Tag Archive | "creditor"

Negotiating Debt Settlements Once And For All

CuraDebtWinning a debt settlement negotiation is mainly about knowledge and talent (See CuraDebt review). Knowing what to say and how to say it, you can always get a lender or collecting agency to cut your delinquent bills in half. Before contacting your creditor, think about how you will negotiate your credit rating, what should be included in the agreement, how you would pay them, what will happen if you still fail to pay, how to stop the creditor if they try to collect the difference, and how the IRS is involved.

How will I negotiate my credit rating?

In exchange for your payment, you can ask the creditor to cancel the negative entry on your report. If you cannot get a deletion, why not go for a paid as agreed, unrated status, or current account? Avoid negative listings such as account closed, paid charge off, settled or repossessed. In addition, you want ‘paid in full’ with no more collection on your account indicated in the agreement. If your creditor will agree with your requests, then don’t pay them.

What should be included in the agreement?

First, find a lawyer to review your agreement, and ensure that all your terms are in the agreement before you send any money. Draw up the settlement, or wait for your creditor to send it to you. Send out your agreement and wait for the lender or collection agency to sign it before returning it. Ask the financial agency to send the agreement by fax, then by a letter.

How about paying them?

After the lender signs the settlement agreement, you can send your payment with a copy of the agreement by a wire transfer, overnight mail, quick collect, or Fed Ex. Do not use a check as the creditor will acquire your checking information and you do not want them taking out payments, would you? Rather, use a cashier’s check, a prepaid credit card, or money order with the exact amount. Be sure you keep and store receipts out of harm’s way.

What if I cannot keep my agreement? What can ensue?

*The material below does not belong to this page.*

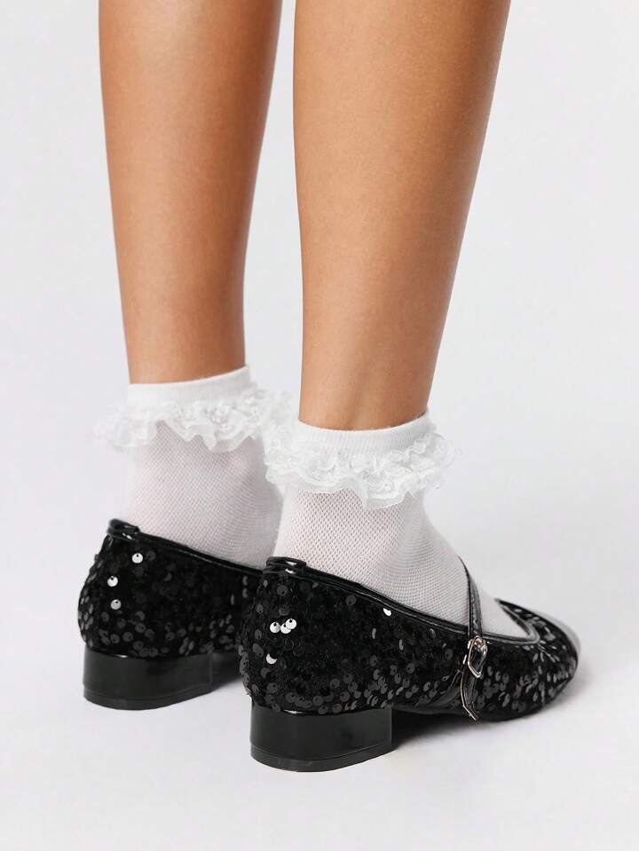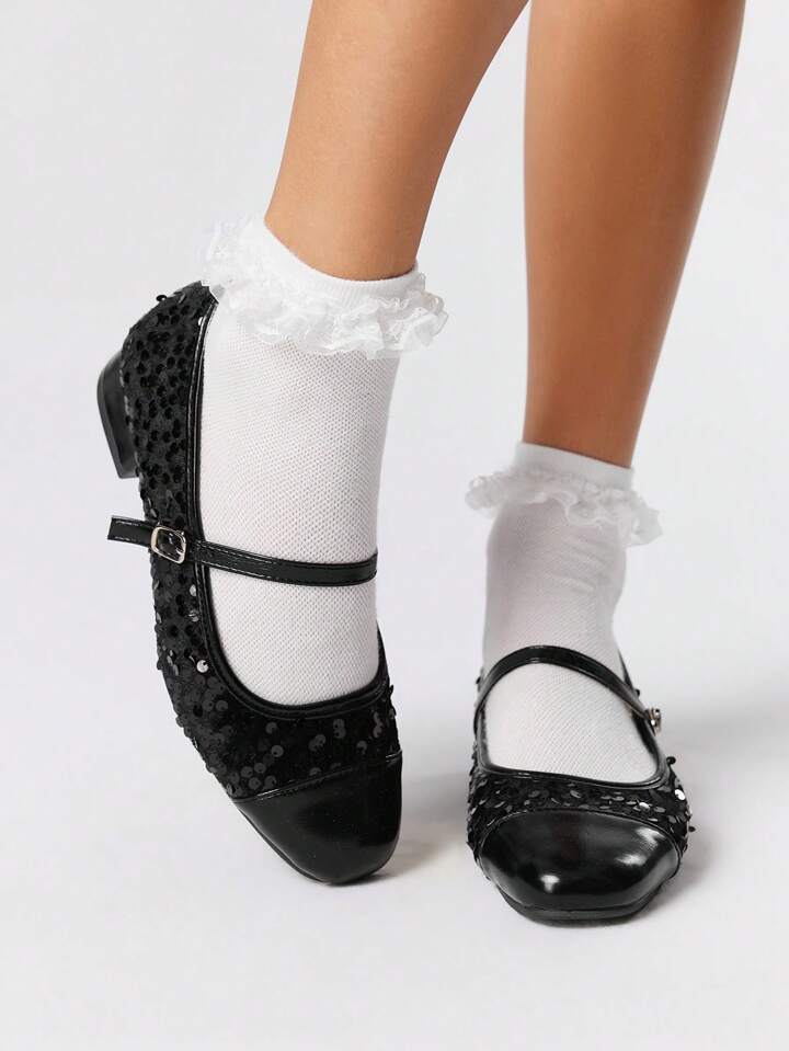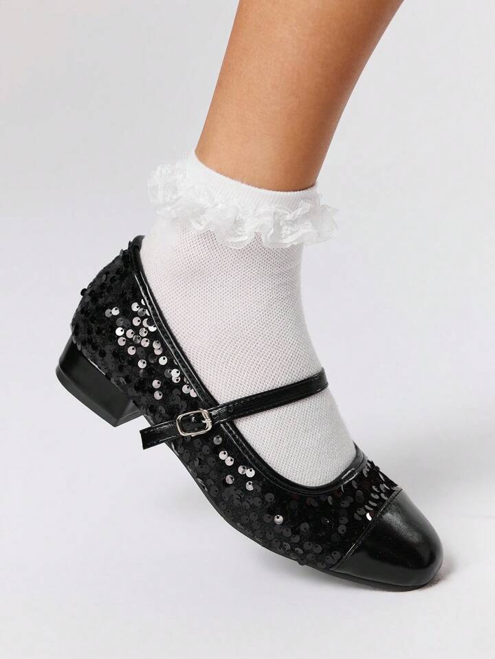 Suola chunky nera, pannelli in pelle e glitter misti, design unico, di moda e accattivante, facile da indossare con stile
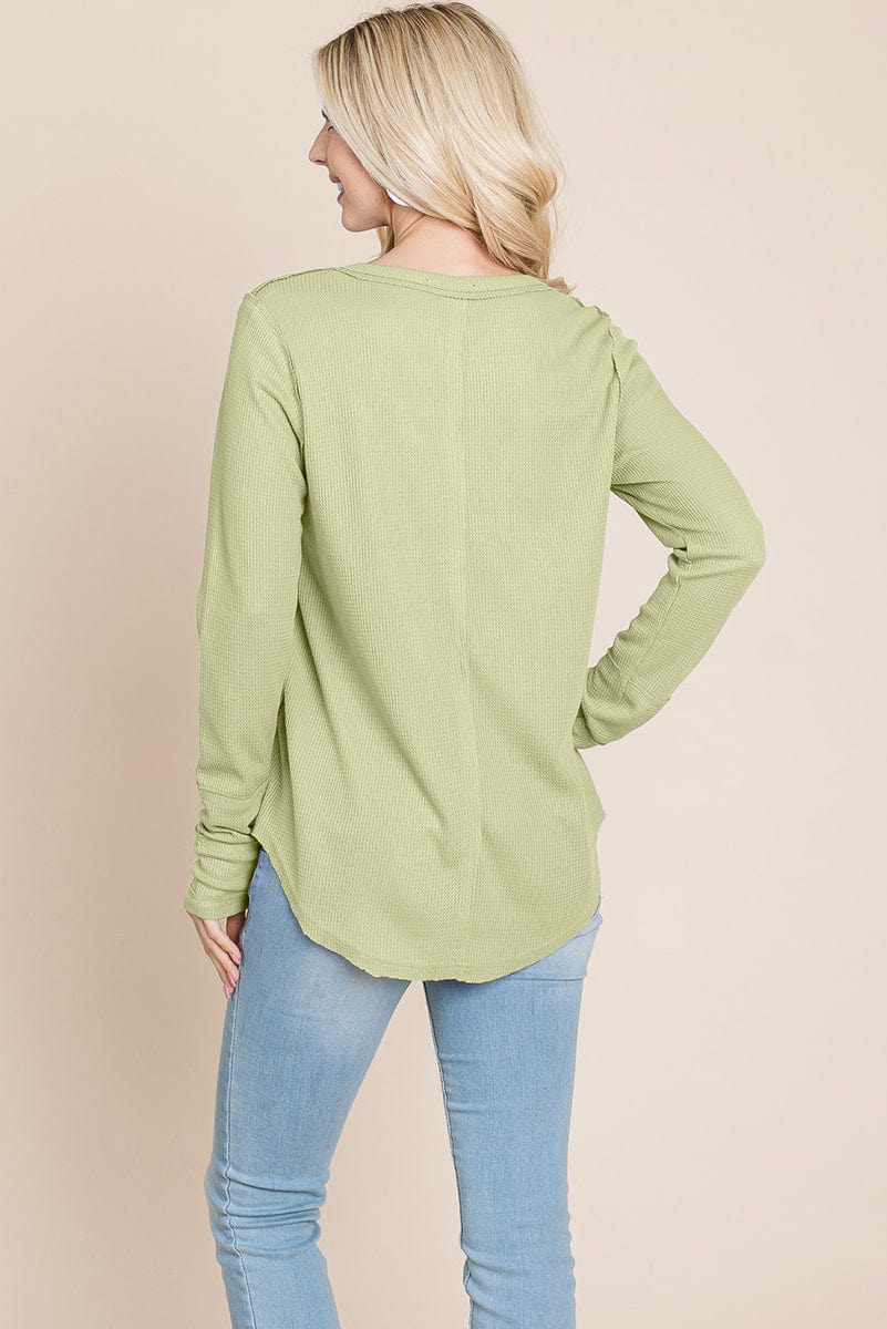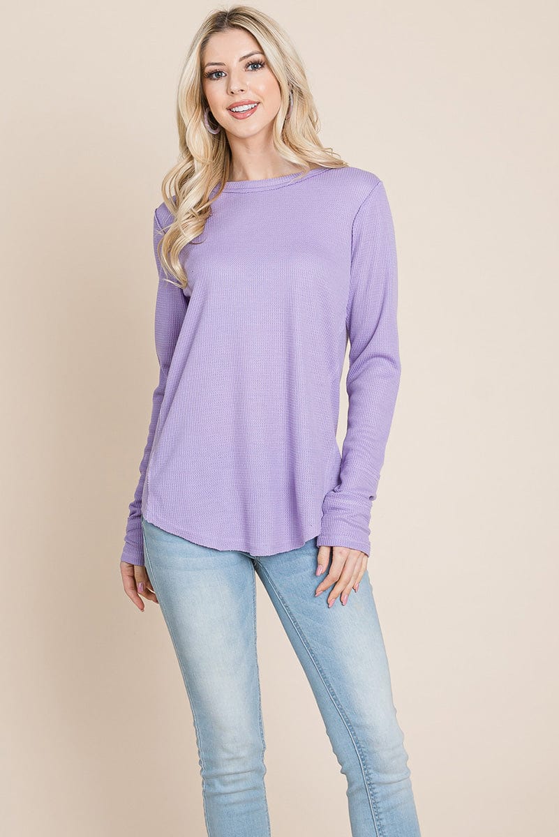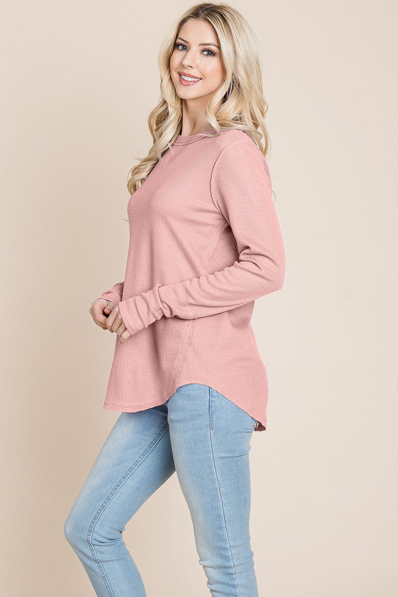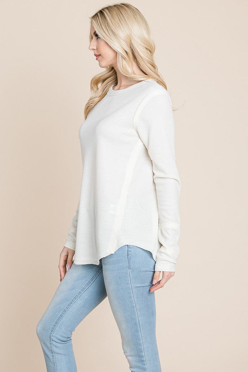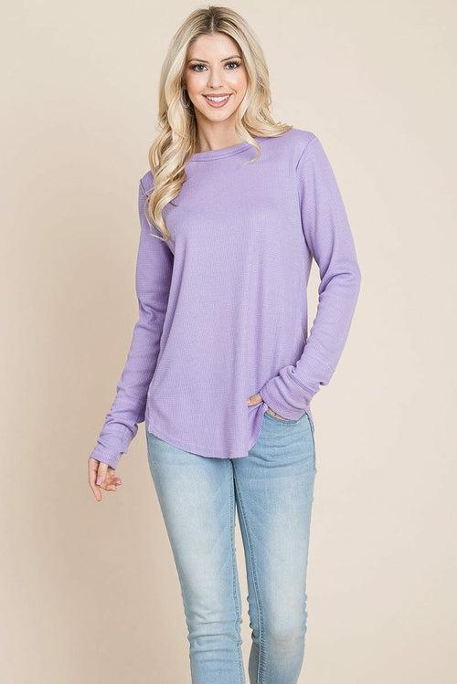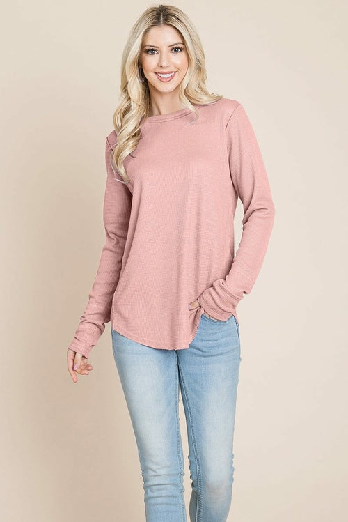 Features: Long Sleeve, Crew Neck, Raw Edge Style, Layered sleeve detail, Soft and Comfy Waffle Knit material, Pullover

If you do not strive to meet your commitment, your creditor will reinstate your original terms, adding late and over the limit fees. Moreover, interest rates will go up, and you can probably even be sued.  Then once again the phone calls will begin and they will try to collect the debt from you.

What if the creditor tries to collect the difference in my settlement?

Believe it or not creditors try these unethical tactics more than you think.  In certain states, this is illegal, and you’ll have to write your creditor, letting them know that. Other states permit creditors to come after you to collect the difference. In this case, you’ll find that the creditor has written or stamped the words “without prejudice” or “under protest” on your check.

How is the IRS involved in your debt settlement?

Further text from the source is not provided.